**TO DO**
For each record below, output its text exactly and skip any picture.

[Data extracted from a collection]
.....

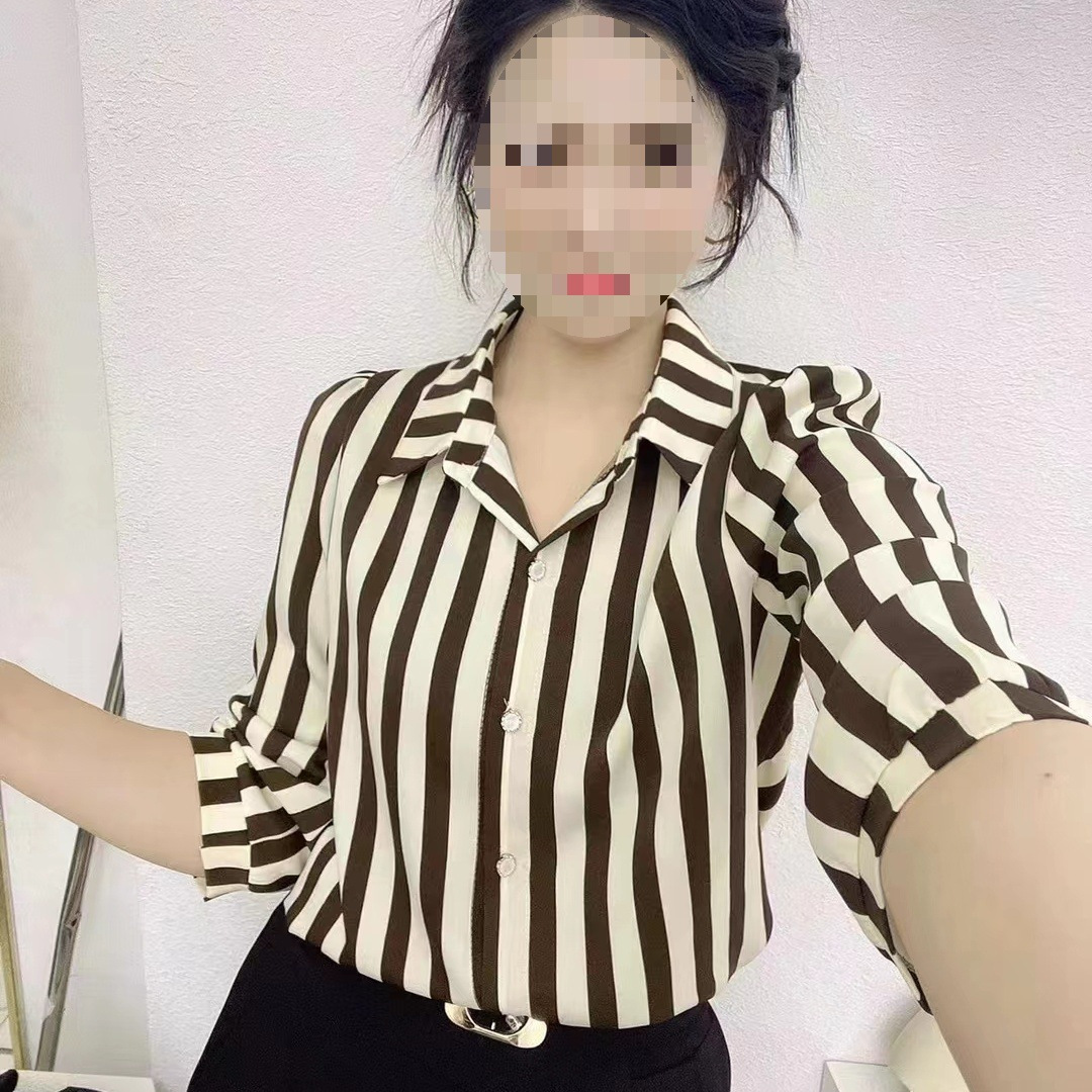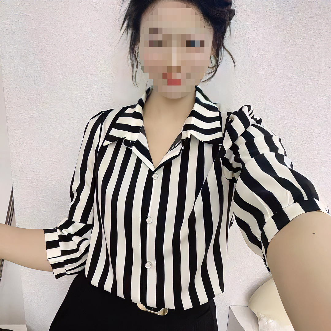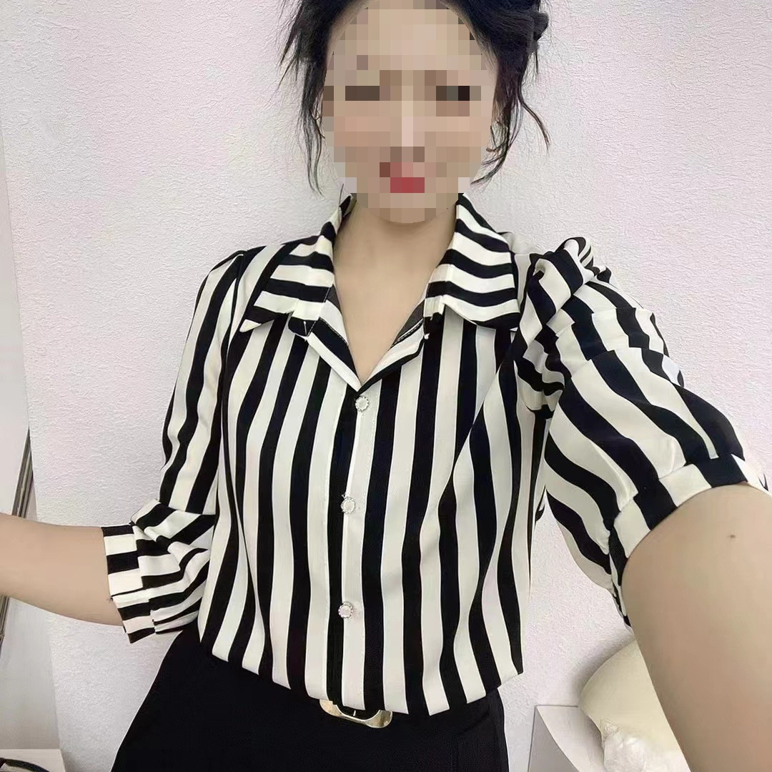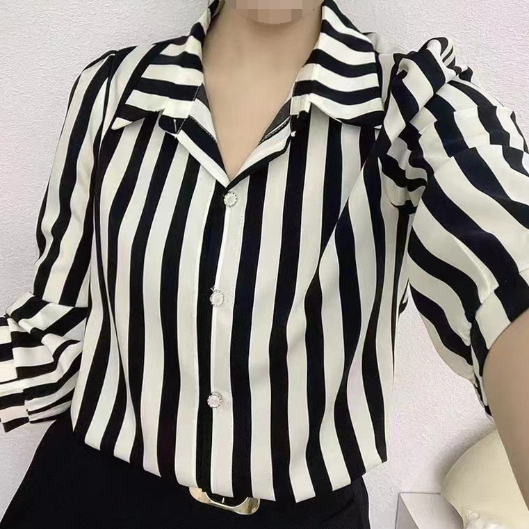 | nameOriginal | 2024 Spring and Summer New Seven-Sleeve Striped Slim Shirt Women's Styish All-Match Design Striped Elegant Shirt |
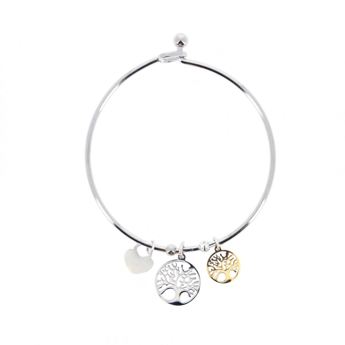 Bracciale rigido tubolare, con chiusura a incastro e ciondoli bicolore: uno un po' più grande color argento e uno un po' più piccolo dorato.  In entrambi i ciondoli è presente l'albero della vita, simbolo di prosperità, salute e buona fortuna per tutti coloro che lo portano con sé in un gioiello. Questo bracciale è un oggetto raffinato e significativo da regalare e regalarsi! Prodotto realizzato in acciaio di ottima qualità.
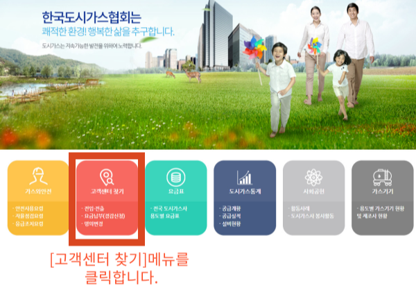 한국도시가스협회 홈페이지 메인 화면에서 "고객센터 찾기" 메뉴를 클릭합니다.
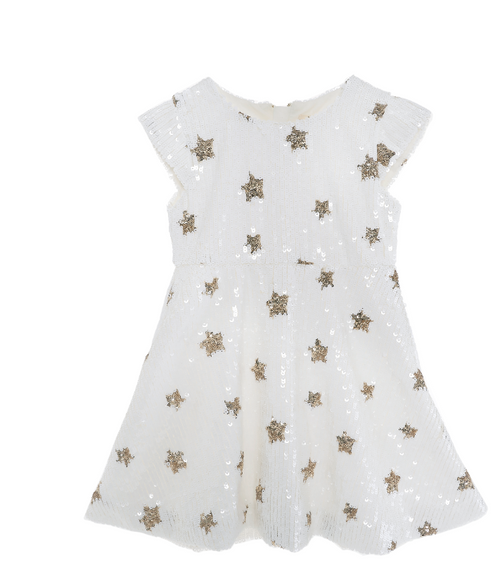 Doe a Dear Cap Sleeve Star Sequin Fit n' Flare Dress - White
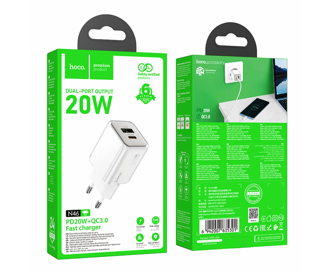 Сетевое зарядное устройство, 1 USB 3.0 QC+1 PD 20W (N46), HOCO, белый
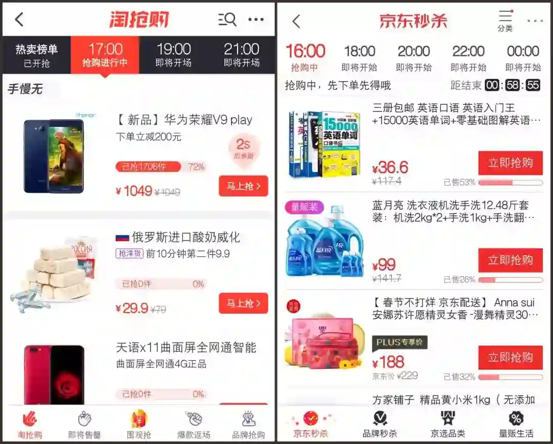 淘宝的“淘抢购“、京东的”京东秒杀”在产品的构思上都运用了这一原理,商品只售卖2个小时,显示剩余的库存数量,再加上“马上抢”、“手慢无”等字样营造活动的紧张感,商详页再次提醒截止时间、剩余库存等信息刺激用户快速下单。
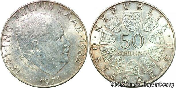S792 Austria 50 Shilling 1971 Ing Julius Raab Silver SUP Silver -> Make offer
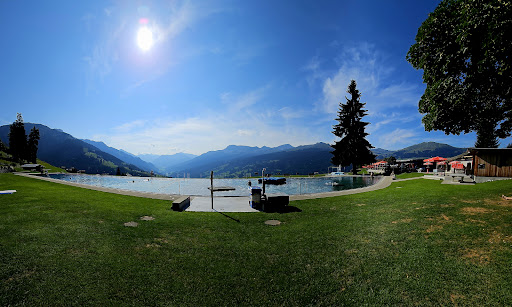 Read moreDas Alpen-Freibad ist wirklich eine Perle. Schön, gepflegt inmitten der Natur mit fantastischer Aussicht auf die Berge. Gleich daneben sieht und hört man Kühe. Der Pool ist in der Mitte zweigeteilt. Eine Seite für Schwimmer inkl.einem 1m Sprungbrett, die andere zum Planschen mit einer aufblasbaren Insel. Das Wasser ist erfrischend und sauber. Es hat Sonnenschirme zum mieten. Gegen ein Depot erhält man Tischtennissschläger mit Ball. Ein Kickerkasten ist auch kostenfrei verfügbar. Für kleine Kinder hat es noch ein separates Kleinkinderbecken. Umkleidekabienen und Toiletten sind vorhanden und sauber. Das Restaurant ist klein aber fein. Alle Preise sind sehr fair. Parkplätze sind gleich daneben verfügbar mit Parkuhr. Hinter dem Freibad gibts noch einen Spielplatz mit Grillstelle und einem kleinen...
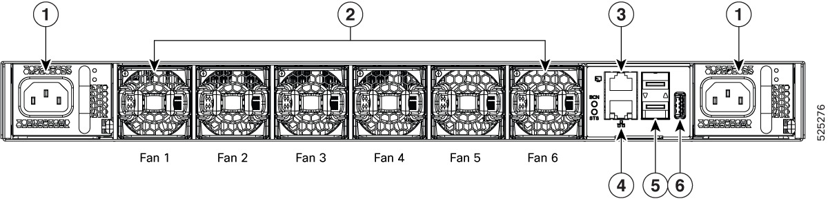 The figure shows the switch features on the power supply side of the chassis, the back view.
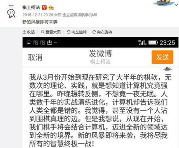 柯洁最近更新了微博,写道:“我从3月份开始到现在研究了大半年围棋软件,无数次理论、实践,就是想知道计算机究竟强在哪里,昨晚辗转反侧,不想竟一夜无眠。人类千年的实战演练进化,计算机却告诉我们,人类全都是错的……我将尽我所有智慧终极一战。”
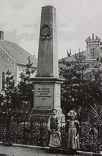 Otázka: Název místa v roce 1900, kde stál tento pomník, který byl zbořen po roce 1945 - 2 slova.
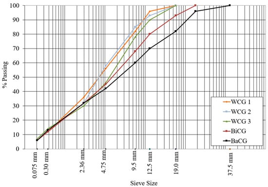 Crushed quartz sourced from the Amanat Baghdad asphalt concrete mix plant in Taji, north of Baghdad, was used to prepare the asphalt mixtures in this work. The coarse and fine aggregates were sieved and blended in appropriate proportions to meet the gradation requirements for surface, binder, and base courses, following ASTM D 3515. Five different gradations were evaluated: three for the surface course with varying aggregate fractions passing the 12.5 mm and 4.75 mm sieves, identified as WCG 1, WCG 2, and WCG 3, with WCG 3 having a higher proportion of coarse aggregate (retained on the 4.75 mm sieve) compared to the other two types of surface course mixes; one for the binder course (BiCG); and one for the base course (BaCG). The gradation of the used aggregate is shown in Figure 1. Moreover, the physical properties of the aggregate are presented in Table 2 and compared with the SCRB recommendations [].
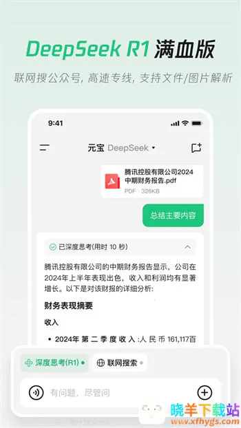 腾讯元宝手机版是一款功能强大的AI智能助手软件。它依托混元大模型和DeepSeek - R1联网满血版双引擎,能快速准确地回答各种问题。其涵盖多种实用功能,如文档总结、AI作图、口语陪练等,满足办公、学习、创作及生活等多场景需求。
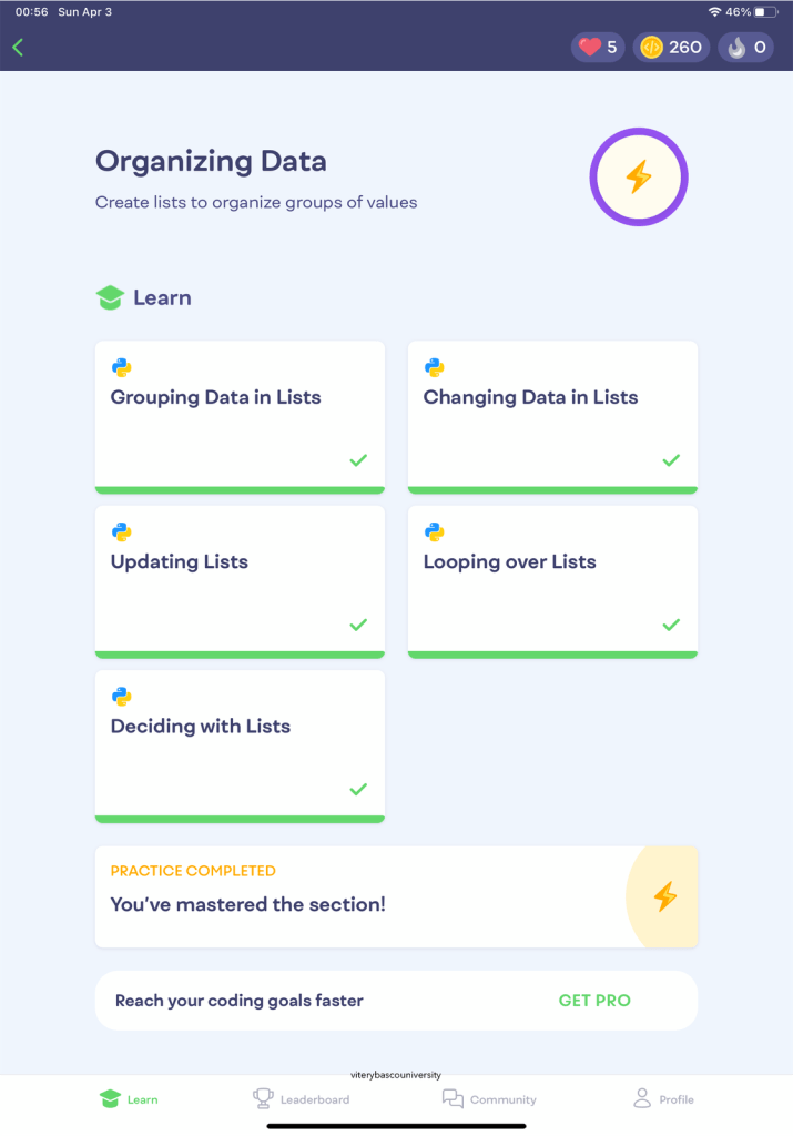 The lessons are arranged systematically. It also helps that for each lesson, I get to immediately ‘apply’ in some code blocks what I learn. There’s a short quiz in each section that helps me recall concepts and because of its gamified system, the quizzes are fun, entertaining, yet still challenging.
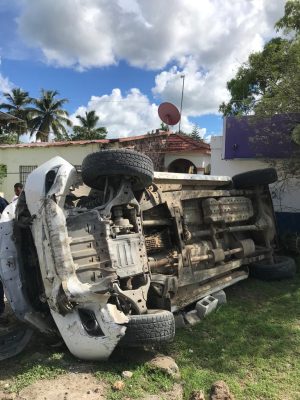 Los dos hombres y la mujer iban a bordo de la camioneta Isuzu de color blanco, la cual dio varias vueltas hasta salir de la mencionada carretera y caer en un terreno de una casa.

.....

**OUTPUT FOR THIS EXERCISE**
 | nameOriginal | 2024 Spring and Summer New Seven-Sleeve Striped Slim Shirt Women's Styish All-Match Design Striped Elegant Shirt |
 Bracciale rigido tubolare, con chiusura a incastro e ciondoli bicolore: uno un po' più grande color argento e uno un po' più piccolo dorato.  In entrambi i ciondoli è presente l'albero della vita, simbolo di prosperità, salute e buona fortuna per tutti coloro che lo portano con sé in un gioiello. Questo bracciale è un oggetto raffinato e significativo da regalare e regalarsi! Prodotto realizzato in acciaio di ottima qualità.
 한국도시가스협회 홈페이지 메인 화면에서 "고객센터 찾기" 메뉴를 클릭합니다.
 Doe a Dear Cap Sleeve Star Sequin Fit n' Flare Dress - White
 Сетевое зарядное устройство, 1 USB 3.0 QC+1 PD 20W (N46), HOCO, белый
 淘宝的“淘抢购“、京东的”京东秒杀”在产品的构思上都运用了这一原理,商品只售卖2个小时,显示剩余的库存数量,再加上“马上抢”、“手慢无”等字样营造活动的紧张感,商详页再次提醒截止时间、剩余库存等信息刺激用户快速下单。
S792 Austria 50 Shilling 1971 Ing Julius Raab Silver SUP Silver -> Make offer
 Read moreDas Alpen-Freibad ist wirklich eine Perle. Schön, gepflegt inmitten der Natur mit fantastischer Aussicht auf die Berge. Gleich daneben sieht und hört man Kühe. Der Pool ist in der Mitte zweigeteilt. Eine Seite für Schwimmer inkl.einem 1m Sprungbrett, die andere zum Planschen mit einer aufblasbaren Insel. Das Wasser ist erfrischend und sauber. Es hat Sonnenschirme zum mieten. Gegen ein Depot erhält man Tischtennissschläger mit Ball. Ein Kickerkasten ist auch kostenfrei verfügbar. Für kleine Kinder hat es noch ein separates Kleinkinderbecken. Umkleidekabienen und Toiletten sind vorhanden und sauber. Das Restaurant ist klein aber fein. Alle Preise sind sehr fair. Parkplätze sind gleich daneben verfügbar mit Parkuhr. Hinter dem Freibad gibts noch einen Spielplatz mit Grillstelle und einem kleinen...
 The figure shows the switch features on the power supply side of the chassis, the back view.
 柯洁最近更新了微博,写道:“我从3月份开始到现在研究了大半年围棋软件,无数次理论、实践,就是想知道计算机究竟强在哪里,昨晚辗转反侧,不想竟一夜无眠。人类千年的实战演练进化,计算机却告诉我们,人类全都是错的……我将尽我所有智慧终极一战。”
 Otázka: Název místa v roce 1900, kde stál tento pomník, který byl zbořen po roce 1945 - 2 slova.
 Crushed quartz sourced from the Amanat Baghdad asphalt concrete mix plant in Taji, north of Baghdad, was used to prepare the asphalt mixtures in this work. The coarse and fine aggregates were sieved and blended in appropriate proportions to meet the gradation requirements for surface, binder, and base courses, following ASTM D 3515. Five different gradations were evaluated: three for the surface course with varying aggregate fractions passing the 12.5 mm and 4.75 mm sieves, identified as WCG 1, WCG 2, and WCG 3, with WCG 3 having a higher proportion of coarse aggregate (retained on the 4.75 mm sieve) compared to the other two types of surface course mixes; one for the binder course (BiCG); and one for the base course (BaCG). The gradation of the used aggregate is shown in Figure 1. Moreover, the physical properties of the aggregate are presented in Table 2 and compared with the SCRB recommendations [].
 腾讯元宝手机版是一款功能强大的AI智能助手软件。它依托混元大模型和DeepSeek - R1联网满血版双引擎,能快速准确地回答各种问题。其涵盖多种实用功能,如文档总结、AI作图、口语陪练等,满足办公、学习、创作及生活等多场景需求。
 The lessons are arranged systematically. It also helps that for each lesson, I get to immediately ‘apply’ in some code blocks what I learn. There’s a short quiz in each section that helps me recall concepts and because of its gamified system, the quizzes are fun, entertaining, yet still challenging.
 Los dos hombres y la mujer iban a bordo de la camioneta Isuzu de color blanco, la cual dio varias vueltas hasta salir de la mencionada carretera y caer en un terreno de una casa.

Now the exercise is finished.